Stored in string vibrations somehow I would assume kinda like an interference pattern. Makes me think the whole universe is an interference pattern. Spacetime God=Cosmic ripples in the lake of quantified meaning.
Standing Bear
1 / 5 (1) Apr 23, 2012
You mean a magnetic field of sufficient strength and/or configuration is like a 'warp field'?
jibbles
5 / 5 (1) Apr 23, 2012
1) did they use google translate to write this?!
3) cantor and the continuum hypothesis do not seem very relevant to the result. the space wasted on them here could well have been used to give more detail about the result.
2) it's funny how a phrase like "to infinity" can set people's heads spinning. if it bothers you, just replace it with "arbitrarily far".

-- arbitrarily far and beyond!
jibbles
not rated yet Apr 23, 2012
again, this is one vague and terribly "written" report with rambling, irrelevant material. who gets paid to write/vet/republish these hack jobs?
taniana
1 / 5 (2) Apr 25, 2012
as Eddie implied I'm blown away that a person able to profit $7977 in four weeks on the internet. did you look at this site NuttyRich.com
Jotaf
not rated yet Apr 28, 2012
Perhaps you're thinking that "infinite" means "everything." It doesn't, not even in set theory.

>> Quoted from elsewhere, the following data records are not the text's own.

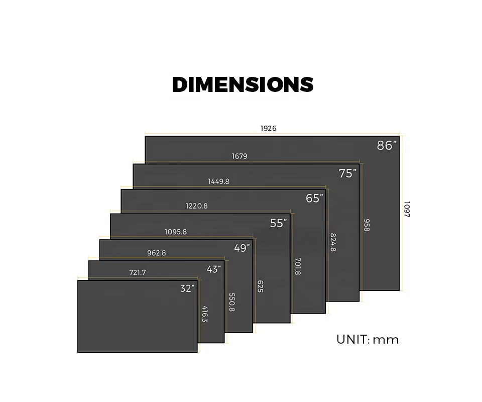 - Screen Size (Inch): 32”, 43”, 49”, 55”, 65”, 75”, 86”, 98”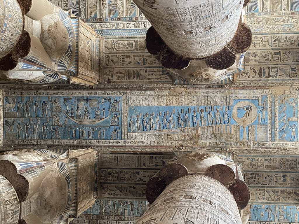さて、列柱室に入ってもハトホルの顔は…全部削られていますが、それより何よりすごいのが天井のレリーフです!!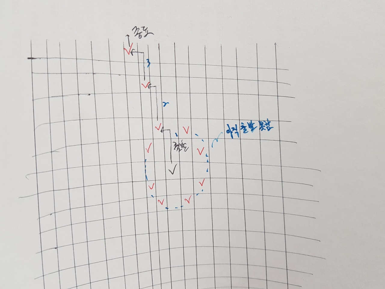 이렇게 나이트가 이동하다보면 체스판의 범위를 넘어가는 경우도 있을 것입니다. 이 경우에는 별도 방문 처리나 다음 탐색을 도모할 필요(Queue add)는 없으므로 그대로 다음 방향으로 탐색하도록 continue시킵니다.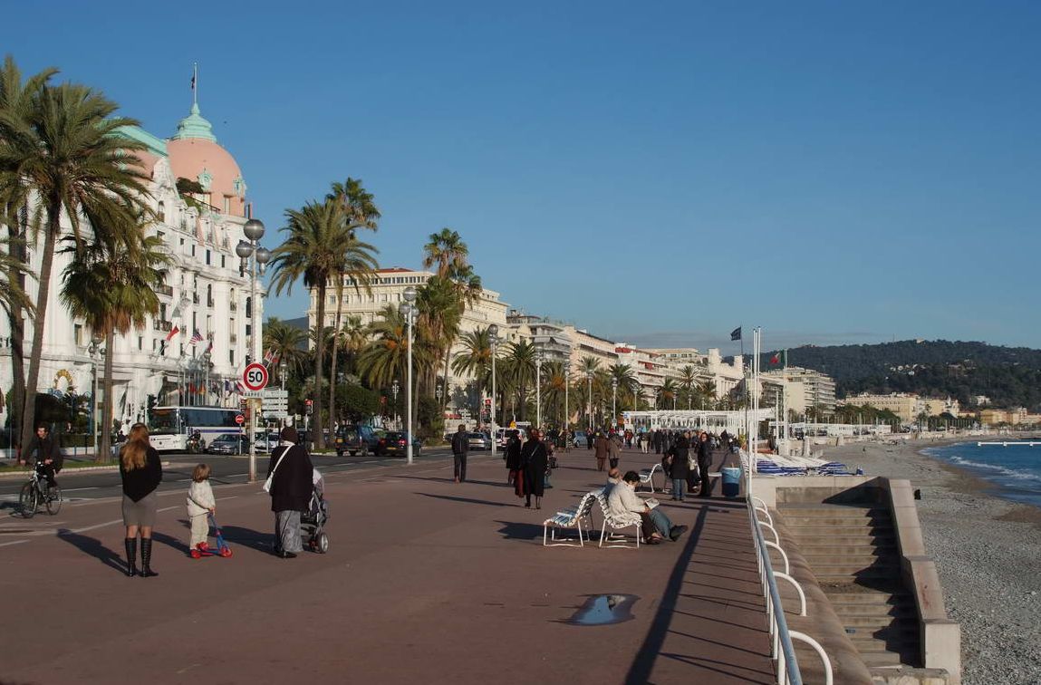 Знакомство с особенностями города можно начать с неторопливой прогулки по Английской набережной, которую французы называют «Променад Дез Англе». Она была открыта в 1844 году, и к настоящему времени стала символом Ниццы и Лазурного берега, а ее длина в настоящее время составляет шесть километров. Вдоль Английской набережной возвышаются роскошные виллы и дворцы, шикарные рестораны и гостиницы, бутики и художественные галереи, а посреди зеленых пальм красуется фасад одного из красивейших зданий Ниццы с колоннами и стеклянным куполом — отель Негреско.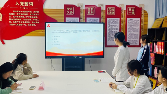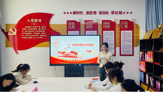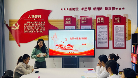 活动伊始,主持人介绍“党旗领航·倡廉洁   践使命”主题党日活动背景、目的及意义。全体支部成员起立奏唱《国际歌》。接着支部成员观看视频,党支部成员通过此次党日活动,加强思想建设,引导党员积极践行党的宗旨,充分发挥先锋模范作用,进一步增强党组织的凝聚力和战斗力。同时,致力于营造一个风清气正的政治生态,为实现党的奋斗目标贡献自己的力量。接着主持人进行了廉洁知识问答,通过一系列廉洁知识问答,调动了支部成员的积极性。冯盈盈、邱裕婕、王亚玲三位同志进行了《廉洁颂》的诗词朗诵:“廉洁文化润心田,清风正气满人间。同筑拒腐防腐线,共绘盛世新画卷。”接着观看《廉洁警示》视频,赵瑞佳同志发表感想,在新时代新征程中,中国共产党始终把加强党的建设放在首位,坚持全面从严治党,不断推进党风廉政建设和反腐败斗争,廉洁自律是党的生命线,我们要保持这一政治品格。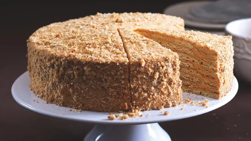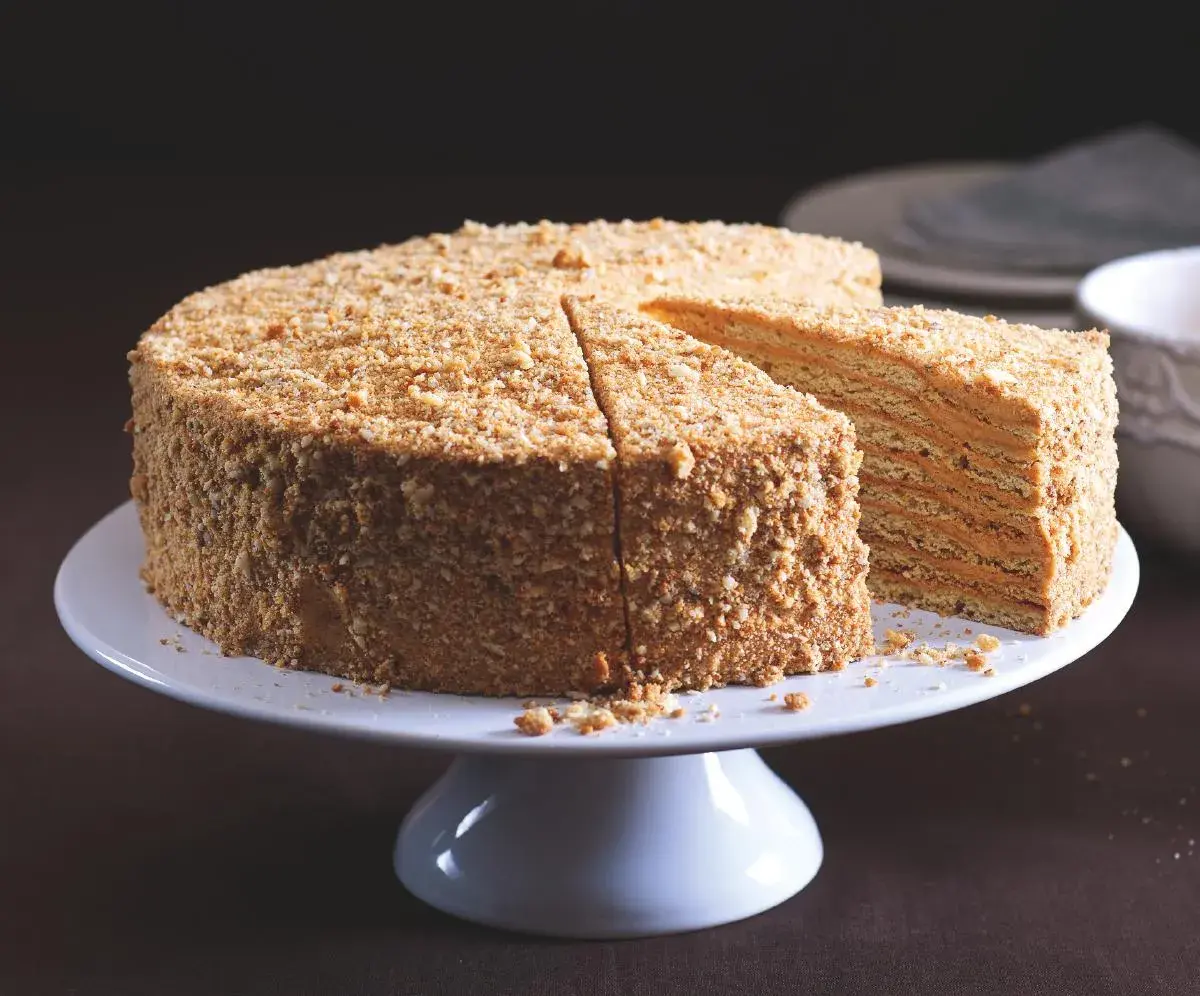 Originální recept na medovník se po dlouhých peripetiích podařilo získat redaktorce Šárce Hamanové od Gruzínky Nanuli Dérové. Vypadá komplikovaně, ale budete překvapeni, jak je snadný. Nejlíp chutná trochu odleželý, proto ho po sestavení nechte pár hodin odpočívat na chladném místě.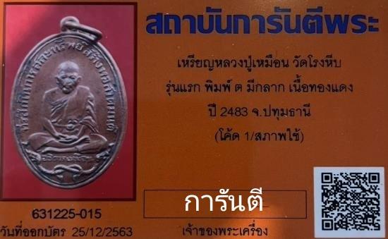 เหรียญหลวงปู่เหมือน วัดโรงหีบ รุ่นแรก ปี 2483 (สายเหนียวปทุมธานีธานี)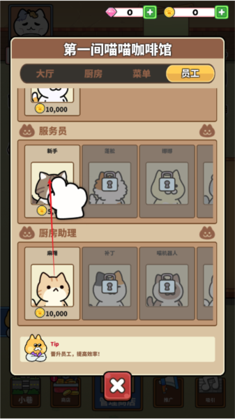 萌系猫咪养成体系:招募能力各异的猫咪员工,每只均有专属技能与性格,搭配时尚制服可提升生产力,合理分配岗位打造高效经营团队,满足收集与养成双重需求。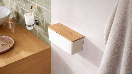 šířka 242 mmhloubka 102 mmvýška 110 mmprovedení Mmateriál plast, bambusbarva bílás přírodním bambusovým víkemmontáž lepenímlepicí proužky jsou součástí baleníPARAMETRY:Barva: bílá;ostatníDruh:...
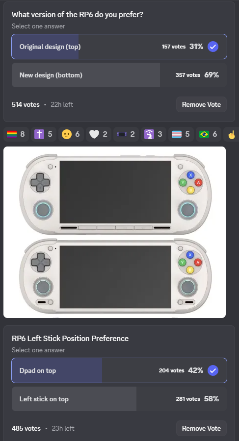 >mfw i vote dpad bottom, new design on twitter but dpad top, original design on Discord to attempt to get conflicting results in the final polls, thus increasing how retarded Retroid look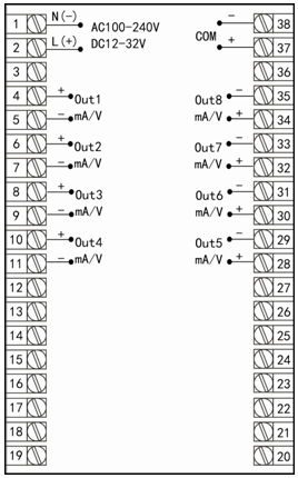 b、八路測(cè)量+八路分別變送輸出+統(tǒng)一報(bào)警輸出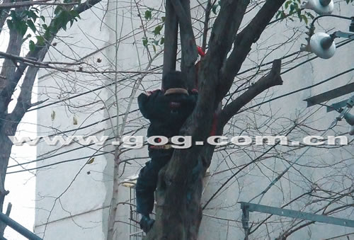 著急的劉女士和丈夫開始了從學校到家附近的“地毯式搜索”,經過近兩小時的尋找,在離家不遠的一棵大樹上,他們看到了兒子。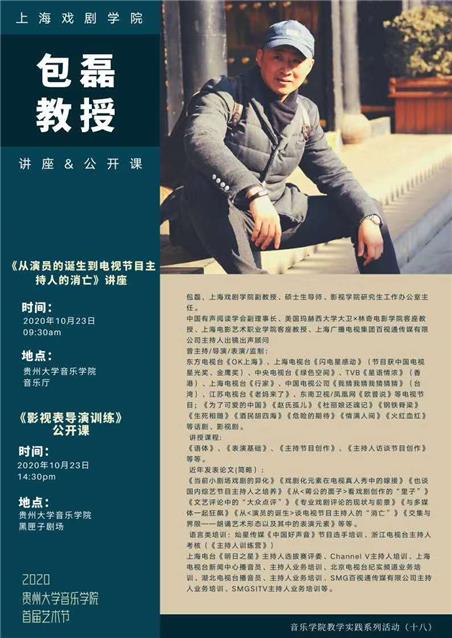 10月23日上午9:30,貴州大學(xué)音樂(lè)學(xué)院的教學(xué)樓中,雷動(dòng)的掌聲響了整日。追尋著渾厚磁性的聲音,記者看到上海戲劇學(xué)院副教授、碩士生導(dǎo)師、影視學(xué)院研究生工作辦公室主任包磊正在給學(xué)生們授課,上午講座的主題是《從演員的誕生到電視主持人的消亡》。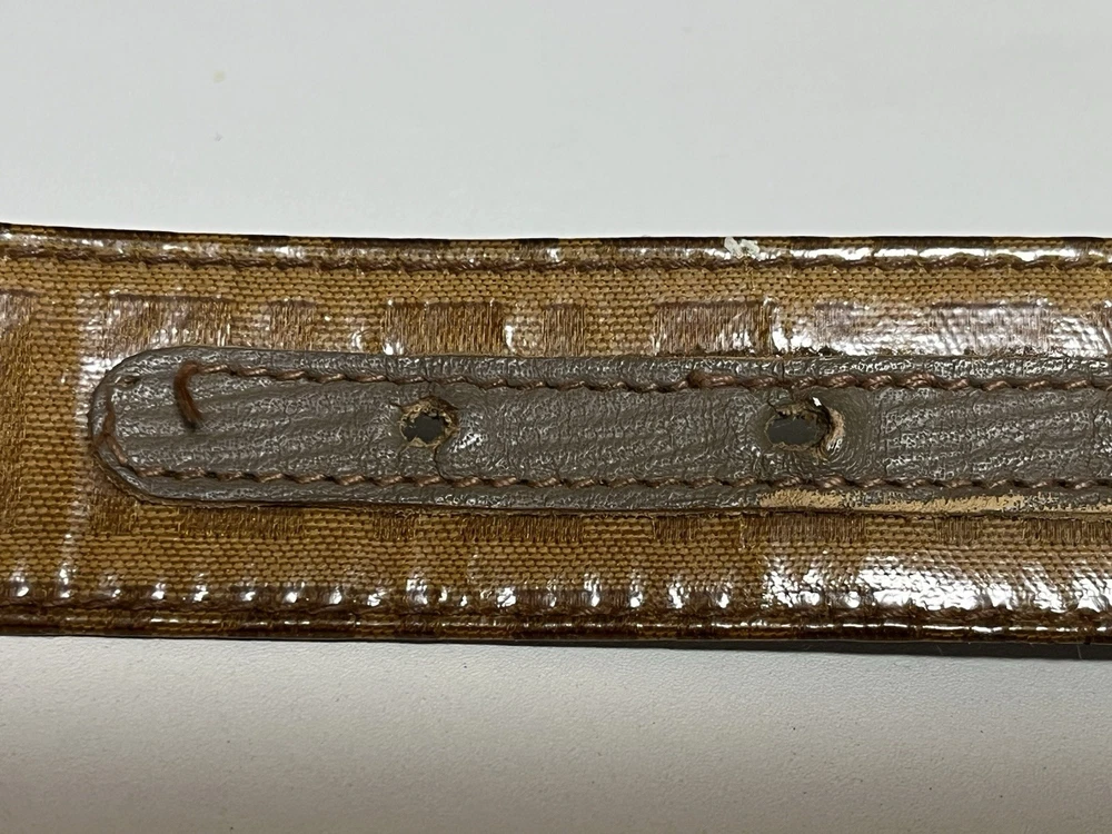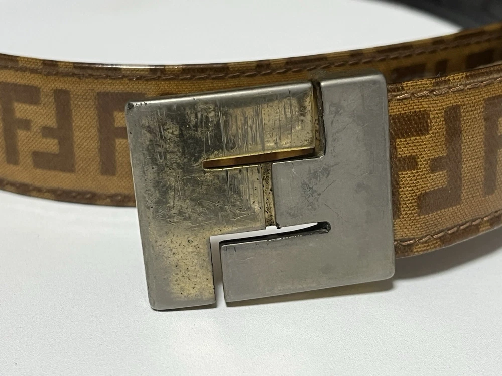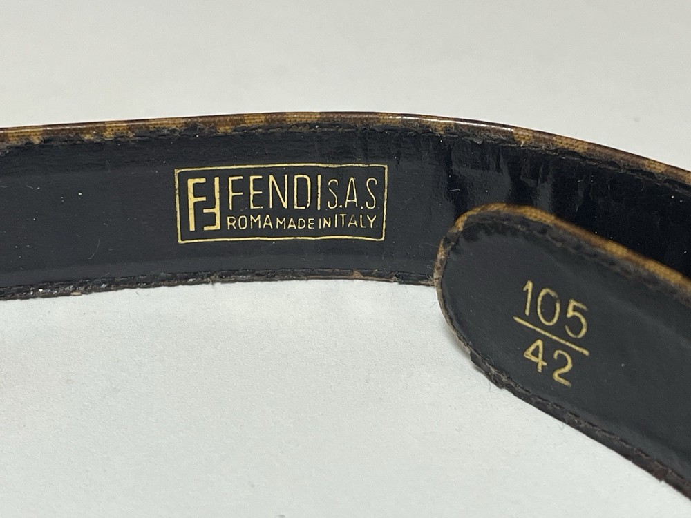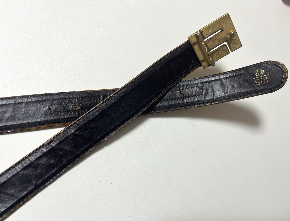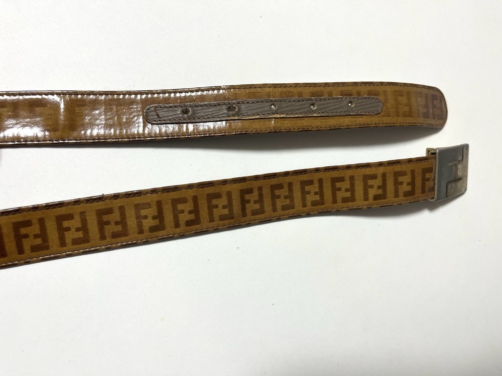 Vintage FENDI belt featuring the iconic FF logo pattern. Made in Italy. The belt is made of coated canvas on the exterior, with a leather lining on the inside. 【 Size 】 Marked size: 105 / 42 Total length: approx. 91 cm (35.8 in) Fits waist: approx. 72–82 cm (28.3–32.3 in) Belt width: approx. 3 cm (1.18 in) 【 Material 】 Outer: Coated canvas Lining: Leather Buckle: Metal 【 Condition 】 This is a vintage item and shows noticeable signs of use. The leather lining shows aging, wrinkles, and wear around the holes. The buckle has scratches, discoloration, and patina. The coated canvas surface also shows wear and aging consistent with vintage use. Please review all photos carefully before purchasing. No accessories included.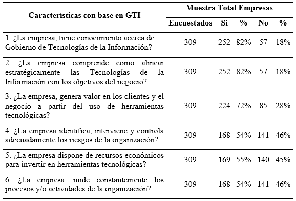 La Tabla 4, presenta los resultados de la encuesta de reconocimiento de GTI, aplicada a las PYMES de la ciudad de Neiva, afiliadas a COMFAMILIAR Huila. El análisis principal destaca en la pregunta 1, que 252 de 309 empresas equivalente a un 82%, tienen conocimiento en temas relacionados con GTI, generando viabilidad de acercamiento a la población de PYMES. Sin embargo, a pesar del buen nivel de porcentaje de reconocimiento de GTI, la encuesta revela las siguientes consideraciones adicionales: la pregunta 4 demuestra que 141 de 309 PYMES equivalente a un 46% del total de la muestra, no gestionan apropiadamente los riesgos de la organización, un factor importante que permite contrarrestar las continuas amenazas que se presentan en una organización; la pregunta 5 denota que 140 de 309 PYMES equivalente a un 45% total de la muestra, afirmaron no contar con recursos económicos para invertir en estrategias que incluyan herramientas tecnológicas, lo que dificulta el alineamiento estratégico y la generación de valor en las PYMES; la pregunta 6 manifiesta que 141 de 309 PYMES equivalente a un 46% total de la muestra, no miden los procesos y/o actividades de la organización, generando dificultad en identificar y establecer aspectos como la exactitud de lo que se hace en la empresa, las áreas que se deben fortalecer, debilidades del negocio y soluciones futuras bien definidas para un mejoramiento continuo.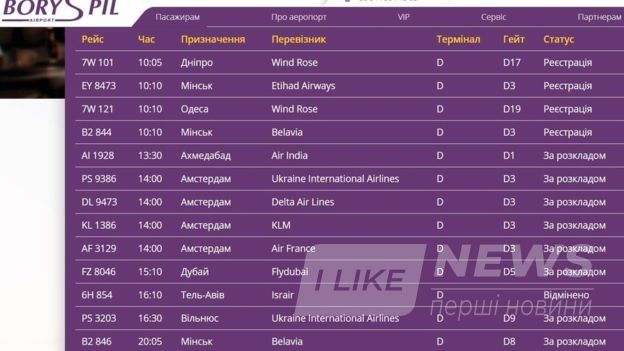 Стaном нa 9.00 15 червня нa онлaйн тaбло aеропорту "Бориспіль" був скaсовaний лише один рейс - до Тель-Aвівa.

I know that, I asked that question because I thought you were implying the opposite! Analogies like that one about the house are not great for explaining these things. That's why we have math, spoken/written language has its limitations.
Jotaf
5 / 5 (1) Apr 28, 2012
So this is what the great learned brains here are up to. You can't have a infinite greater than an infinite. That is like saying 10 is greater than 10. Secondly,the concept of infinite is an abstract concept.


I've explained this in my previous 2 posts. You can prove that infinities are of different nature with very simple arguments. See the episode "To infinity and beyond" of the documentary series "The Story of Maths" by Marcus du Sautoy for a nice explanation.

Also, if infinity were abstract with no relation to reality, engineers and scientists wouldn't use the concept on an almost daily basis. It would break down fast and people would quickly recognize it as the bunch of hocus-pocus that you believe it is. It's clearly not the case.

I just hate it when people are so dismissive of something, just because they have an oversimplified mental picture of it.